I am also trying to transform my pseudo-observations back for the Copula application in order to be able to simulate any hydrographs (incl. dependency structure). Unfortunately, that doesn't work yet either. Maybe you have a short tip here.


*Plots

I am still looking for the optimal package to plot Copula applications in a nice and simple way.
I would be very pleased to receive feedback from you.
 A: For the structure of the vine copula, there is no restriction of the type that you should use. It is completely based on you. If your data is time series, then D-vine is the best for you. If you need to connect your data with particular variable, then C-vine is the choice.
2-Transform your data back to original data requires knowing the marginal distribution of your variables, which almost unknown in real life application. You can do this in R using rvinecopulib package.
3- VineCopula is well-known R package that can help you with the computational process of vine copula model.

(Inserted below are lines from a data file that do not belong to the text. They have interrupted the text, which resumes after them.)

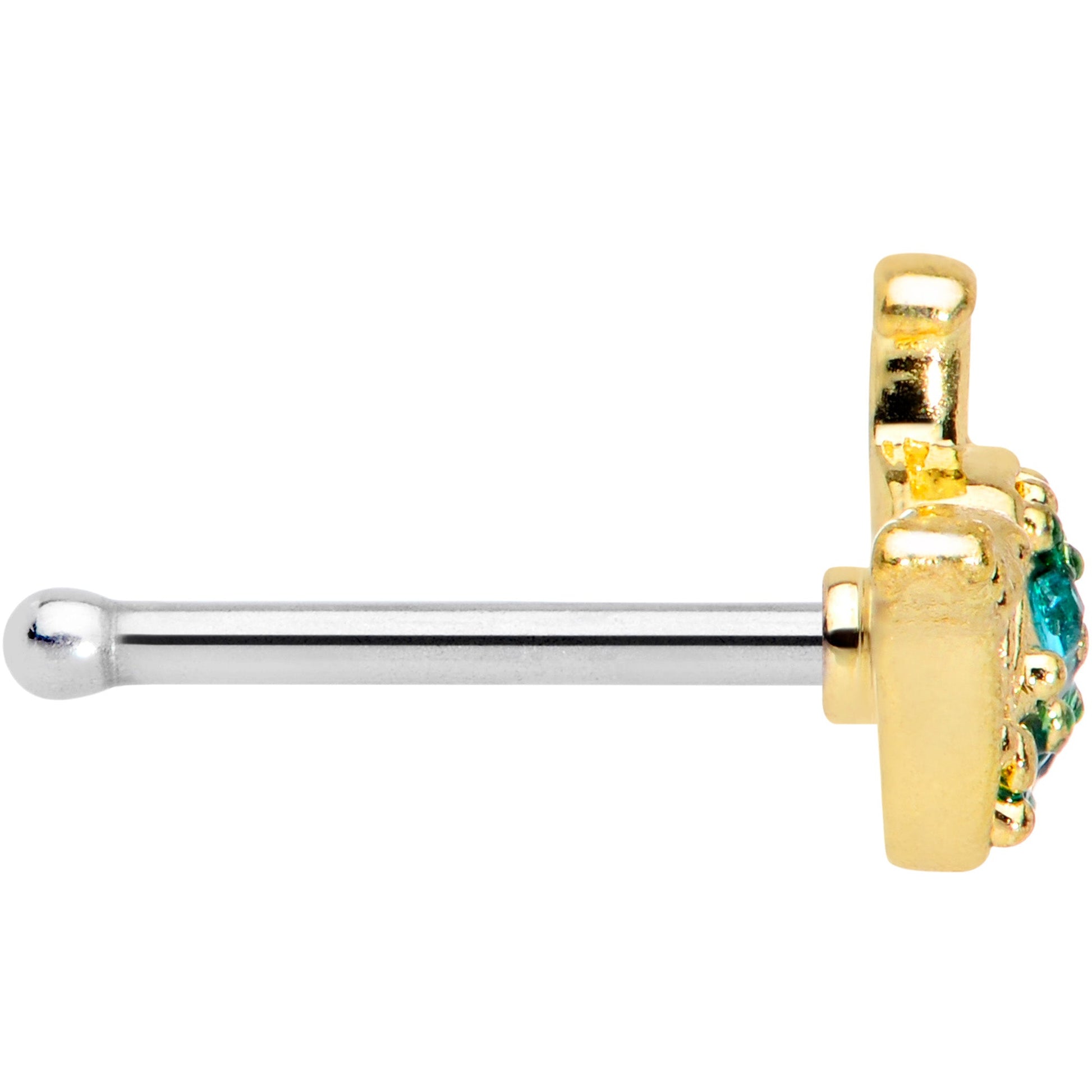 20 Gauge 5/16 Aqua Gem Gold Tone Water Whale Nose Bone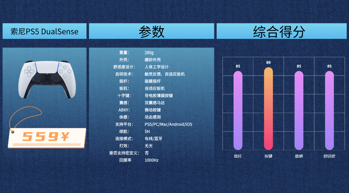 操控层面依旧延续索尼标志性的按键布局,熟悉PlayStation体系的玩家几乎不用学习成本。自适应扳机和震动系统算是它最大的技术优势,不同游戏呈现的力度、震感差异非常明显,赛车游戏里的油门阻尼、射击游戏中的武器回弹都能清晰体现,沉浸感相当强。不过在个别游戏里,扳机阻力会显得偏硬,触觉反馈偶尔也稍微“激烈”了一些,适应之后体验会好很多。手柄支持蓝牙无线和USB-C有线两种连接方式,延迟稳定、兼容PC与主机平台;同时提供触控板、麦克风和扬声器等扩展功能。续航大概在5小时左右,虽然不算突出,但支持插线游玩,续航焦虑基本可以忽略。
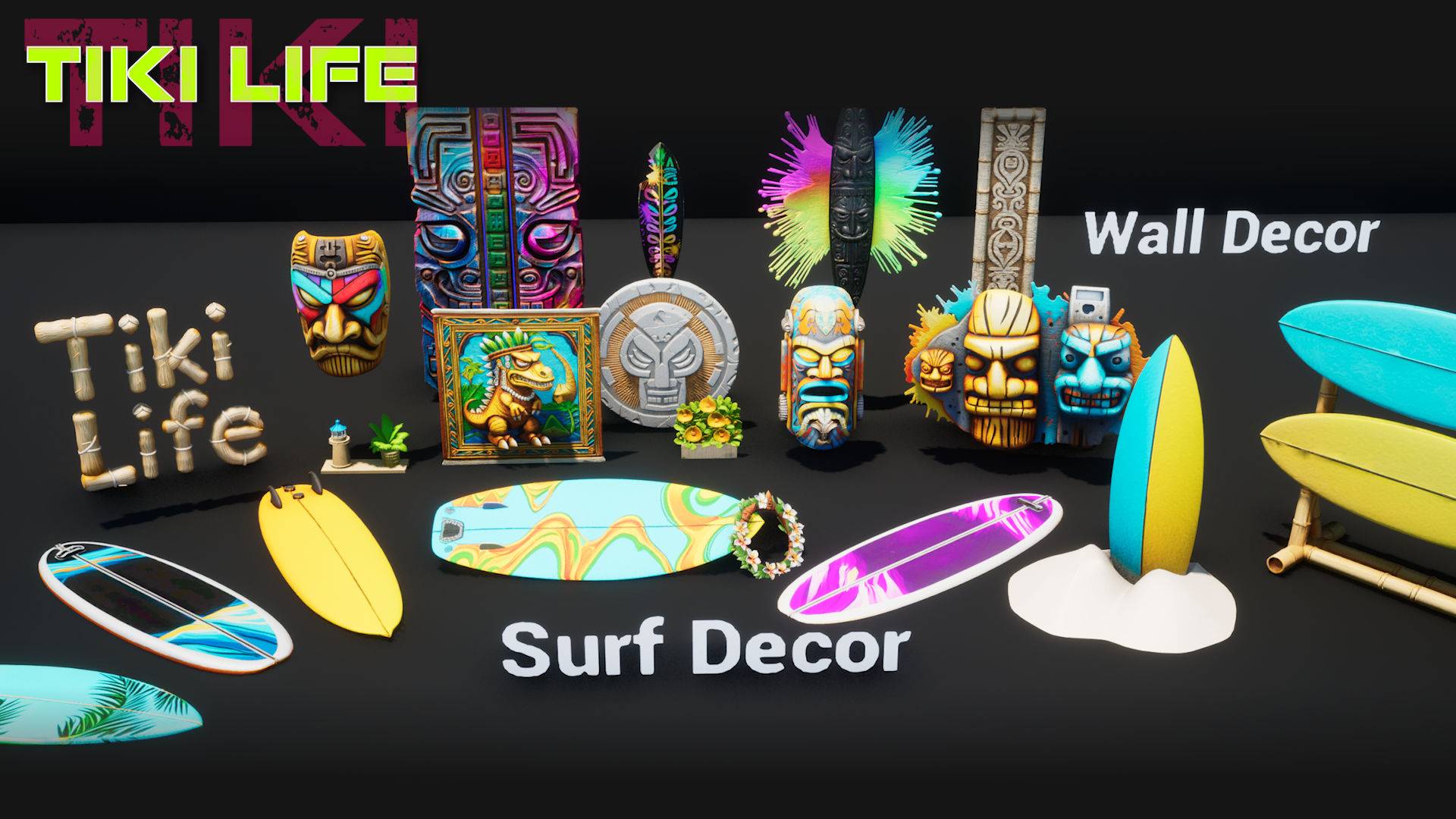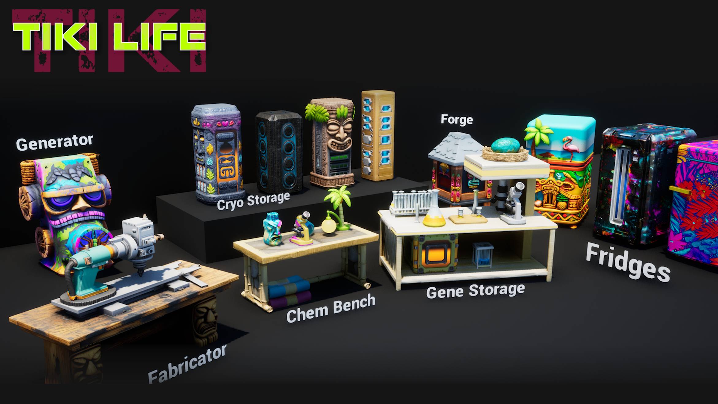 A collection of Tiki styles and summer vibes! A full build kit, tons of decorations and skins for most structures in the game!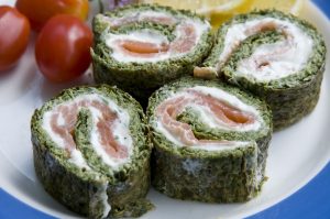 Frischkäseröllchen mit Stilmus und lachs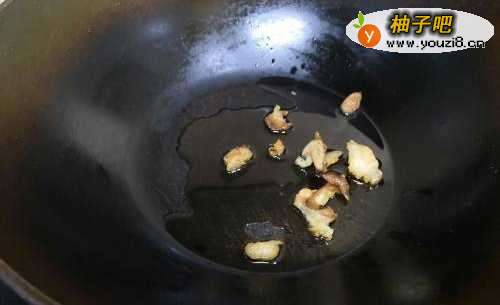 33.放入切好的肉,进行煸香,可以加一点点生抽(半勺左右)。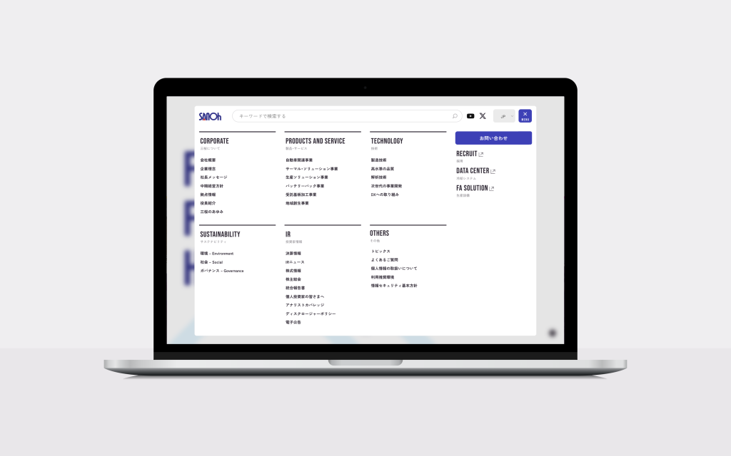 リニューアル後のサイトでは、メガメニューを導入し、どのページからでも必要な情報へスムーズに移動できるようにしました。表示時にはカテゴリーごとの情報を一覧性高く整理し、目的のページを直感的に探し出せる構成にしています。

A: I am not sure if you are still interested. However, I will answer your questions one by one:
Structure
The general structure of the vine copula model is called R-vine. The two sub-classes
of it is called C-vine and D-vine. You can select the best for your data. The number of possible R-vine, C-vine, and D-vine are numerous. Hence, there is no way to select the best among them. However, we can select the most appropriate. By doing so, you can use the RVineStructureSelect function from the VineCopula package to do the rest for you (selecting the "best" structure, bivariate copula types, and estimating the model parameters). There is one paper that discussed the performance of all the classes of the vine copula and they conclude that the R-vine provides the best result. However, this is not the case in general but depends on your data. So, if your data is small, then you can run all these models and compare them using voung test in the VineCopula package.
Pseudo-observations
To transform your original data to copula data you can use the pobs function. To back from copula data to original data after fitting the copula model, then you can simply use qnorm for standard normal distribution margins.  For example, after fitting, say, the C-vine model, then you can just simulate it. Then, just apply the q-function to this simulated data.
Plot
All copula packages can provide you with plot functions, see for example, VineCopula, vinecopulib, vinereg, and many other packages.